Will edge-based inference kill AI data centers?
If super-efficient language models move to devices, what happens to the trillion-dollar AI data center build out?
I saw a tweet last night which piqued my interest. The tweet claimed that DeepSeek has created a new technique that makes LLMs 60x more efficient than extant ones. In other words, small, powerful models might soon sit on your device: inference moves to the edge.
Of course this raises a somewhat uncomfortable question: if small, device-bound models are sufficiently powerful and capable such that inference moves to devices, what happens to the multi-trillion dollar AI data center build out? What happens to Nvidia? Will Jensen have to sell timeshares in Florida to pay the bills?

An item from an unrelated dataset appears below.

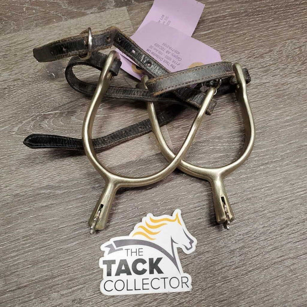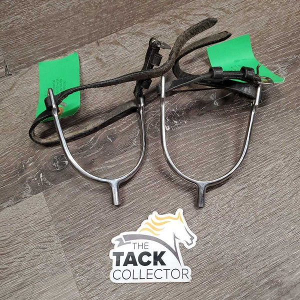 Flat End German Spurs, Narrow Leather Straps *gc, clean, stains, scrapes, xholes, widened HS Sprenger Size: 1" $62.50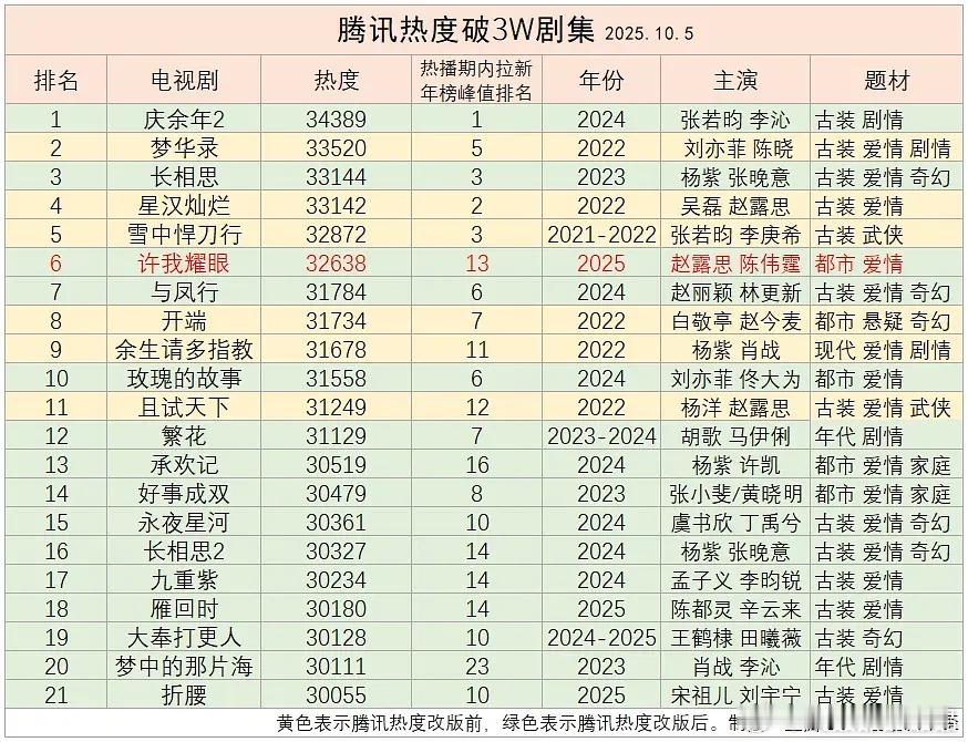 腾讯热度破3W剧集汇总(10.5)许我耀眼如果再前进一步,就和星汉灿烂会师了。

You can read DeepSeek’s explanation here. Here’s what they seem to be claiming:
They take long texts, such as paragraphs, multi-page documents, or PDFs, and convert hem into a 2D visual mapping rather than a pure token/text sequence. The model consumes the visual representation.
They claim big compression ratios: use 100 vision tokens to represent what would be 1,000 text tokens.
This solves the long context problem for LLMs by treating paragraphs as discrete images.
This lets you process larger contexts more efficiently (less compute, fewer tokens), possibly enabling more efficient inference.
In short, if their claims are accurate, this technique would reduce the compute burden for large-context tasks. In other words, you could have a powerful model on your phone, your tablet, or anywhere else. Intelligence becomes ambient. Imagine that all documents and all tools you use are imbued with an ambient artificial intelligence. Depending on your priors this is either thrilling or frightening.
And, in this world, where inference moves away from large, centralized, industrial AI data centers, to edge devices, documents, and tools, aren’t all those large, centralized, industrial AI data centers stranded assets? They no longer need to serve you inference when you ask your friendly chatbot what kind of dog you should get or how you should handle your Aunt Sally’s complaints.